(The following is an edited version of a letter to the editor of The Detroit News in response to their editorial "Ours: Keep film credits for now." The Mackinac Center and others have written extensively on this subject and disagree with the notion that the Michigan Film Incentive program is a policy lever necessary to the economic well-being of the Great Lakes State.)
Your defense of keeping the state film subsidy program to give the industry more time to develop here misses the mark on three levels ("Ours: Keep film credits for now," November 6).
First, The News wrongly assumes that Michigan government can actually build a film industry. It cannot. It will only erect a facade that lasts just as long as the massive subsidies keep flowing. Worse, as demonstrated by a recent Senate Fiscal Agency report, other tax revenues generated by subsidized film activities will never cover the program’s costs.

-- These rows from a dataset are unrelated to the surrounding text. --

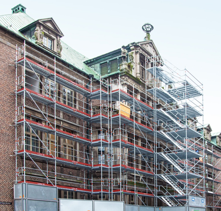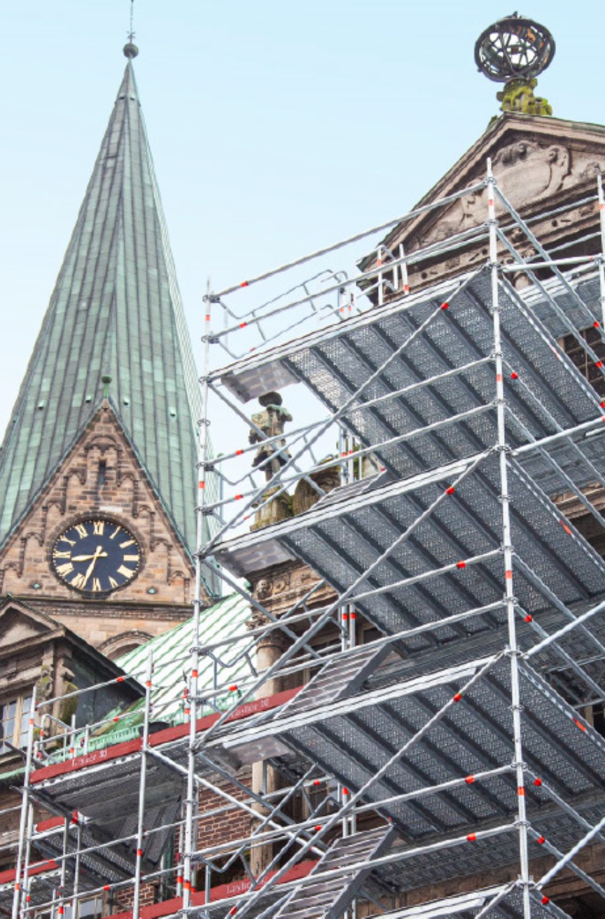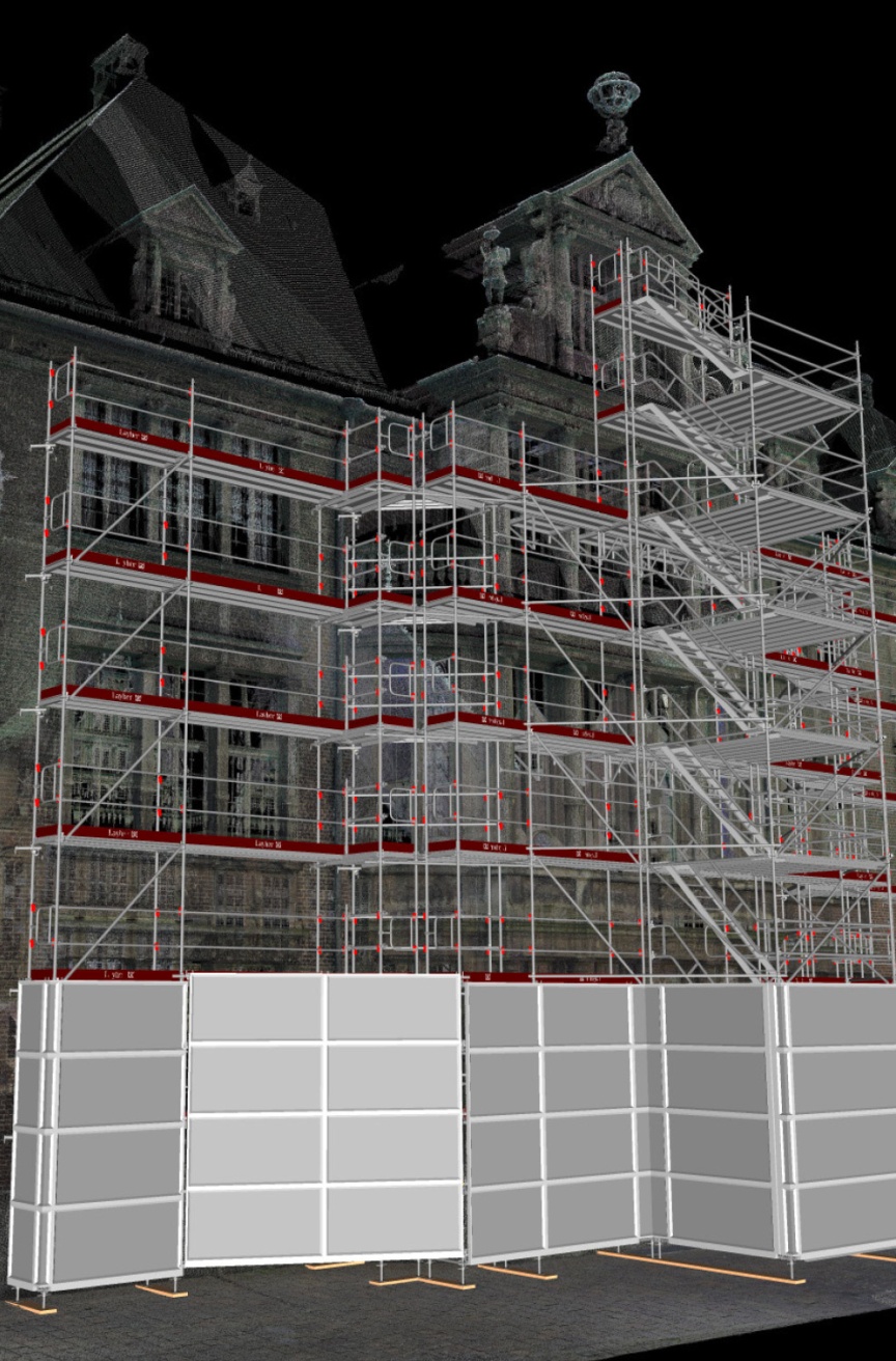 When buildings like Bremen’s City Hall have been regularly added to or converted and extended over the centuries, meaningful blueprints are mostly non-existent. The ability to survey structures in great detail by taking a 3D laser scan and using it as the basis for efficient digital scaffolding planning considerably simplifies the overall process. “In the meantime, scaffolding is to a large extent civil engineering through and through. It involves a lot of structural analysis, which is why we need reliable plans, flexible scaffolding material and strong partners. As a satisfied Layher customer, we benefit enormously from the broad idea underlying the Integrated System and the wide range of services on offer, which constantly make more and more things
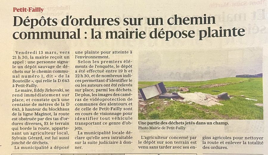 Il sâagit malheureusement dâune nouvelle preuve dâincivilitĂ© qui porte atteinte Ă notre cadre de vie et au respect de notre commune.
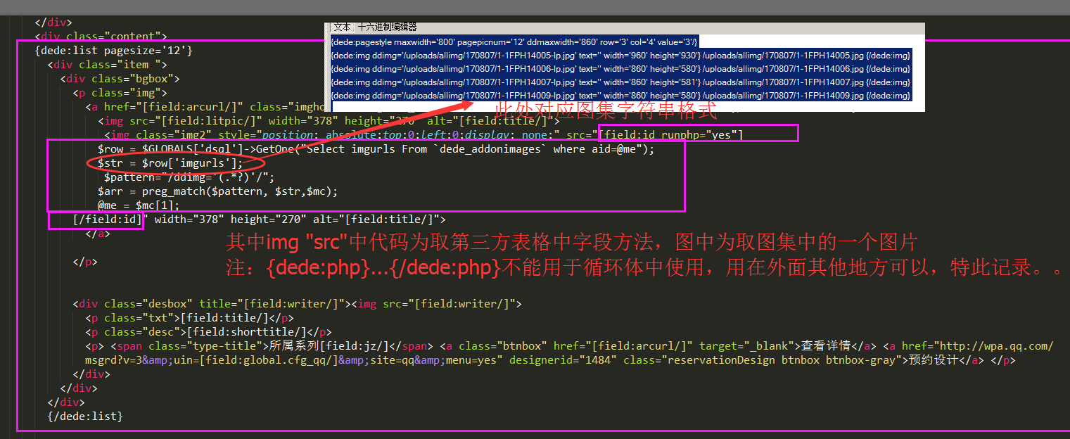 {dede:list pagesize='12'} <div class="item "> <div class="bgbox"> <p class="img"> <a href="[field:arcurl/]" class="imghover" target="_blank" title="[field:title/]" style="display:block;position: relative;"> <img src="[field:litpic/]" width="378" height="270" alt="[field:title/]"> <img class="img2" style="position: absolute;top:0;left:0;display: none;" src="[field:id runphp="yes"] $row = $GLOBALS['dsql']->GetOne("Select imgurls From `dede_addonimages` where aid=@me"); $str = $row['imgurls']; $pattern="/ddimg='(.*?)'/"; $arr = preg_match($pattern, $str,$mc); @me = $mc[1]; [/field:id]" width="378" height="270" alt="[field:title/]"> </a> </p> <div class="desbox" title="[field:writer/]"><img src="[field:writer/]"> <p class="txt">[field:title/]</p> <p class="desc">[field:shorttitle/]</p> <p> <span class="type-title">所属系列[field:jz/]</span> <a class="btnbox" href="[field:arcurl/]" target="_blank">查看详情</a> <a href="http://wpa.qq.com/msgrd?v=3&uin=[field:global.cfg_qq/]&site=qq&menu=yes" designerid="1484" class="reservationDesign btnbox btnbox-gray">预约设计</a> </p> </div> </div> </div> {/dede:list}
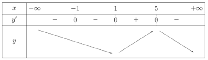 Ta có \({f}'\left( x \right)={{\left( x+1 \right)}^{2}}\left( x-1 \right)\left( 5-x \right)\,\,\xrightarrow{{}}\,\,{f}'\left( x \right)=0\Leftrightarrow \left[ \begin{align} & x=\pm \,1 \\ & x=5 \\ \end{align} \right..\)
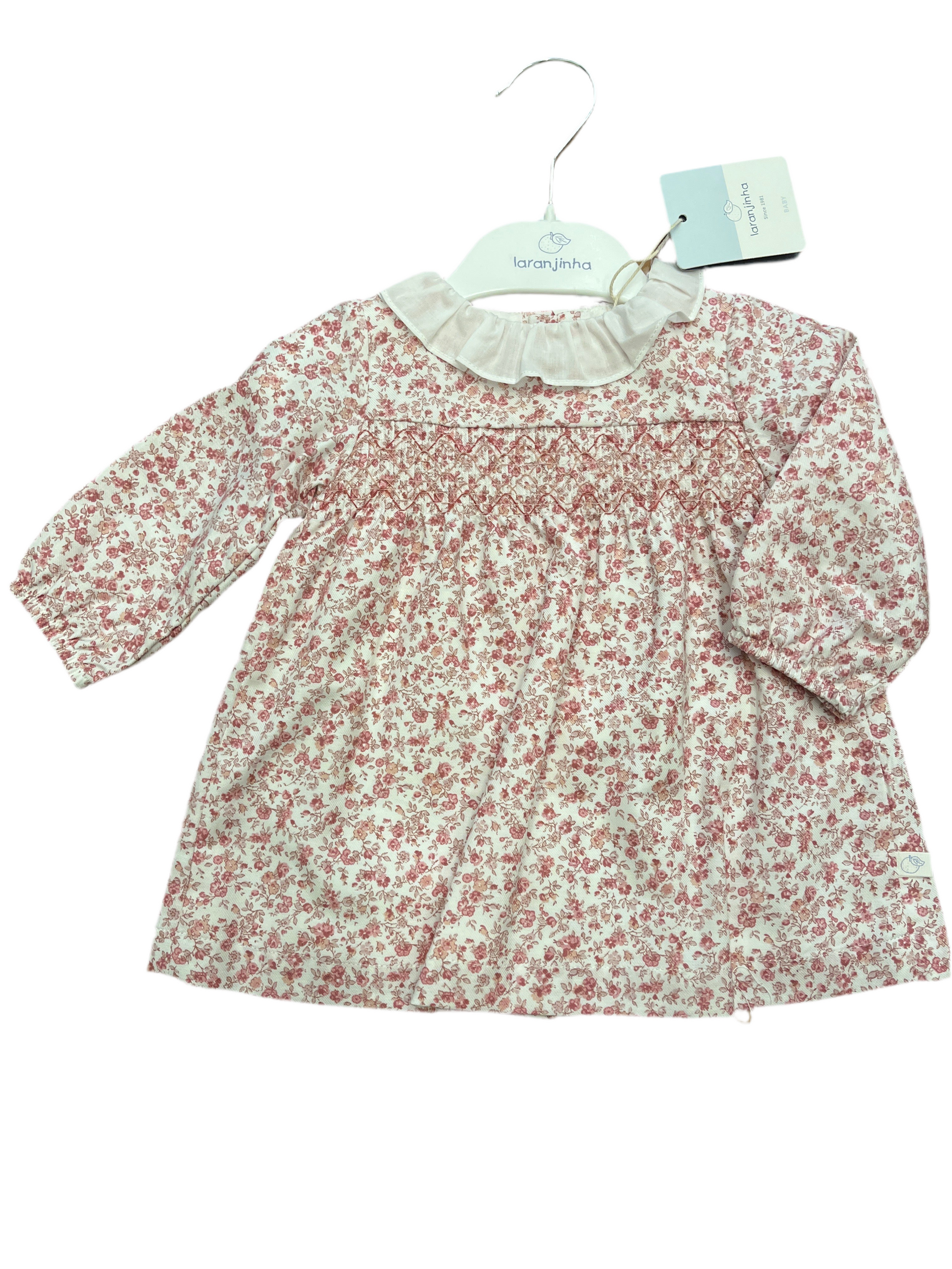 Abito fiori rosa con collo ad anello bianco

That state economic development programs routinely fail to deliver on their promises should be no surprise to The News, which has often and correctly editorialized against these programs. Empirical evidence, economic theory and simple logic have repeatedly proven that such programs don’t yield a net increase in employment on balance.
Second, The News makes a factual error by continuing to describe the film industry incentives as "tax write-offs." In fact, as the Senate Fiscal Agency explained in detail, they are cash subsidies, redistributing income from Michigan families and existing businesses to a handful of film producers.
Lastly, The News frets that any "abrupt changes just two years into the process" would send negative signals about the state’s ability to complete what it starts. When what it starts is counterproductive and wasteful, that’s a good thing.
Ending the handouts would send a signal that this state is done playing games with ephemeral and failed "economic development" programs, and instead will focus on a real economic growth agenda, including across-the-board tax relief, labor law changes and other regulatory reforms.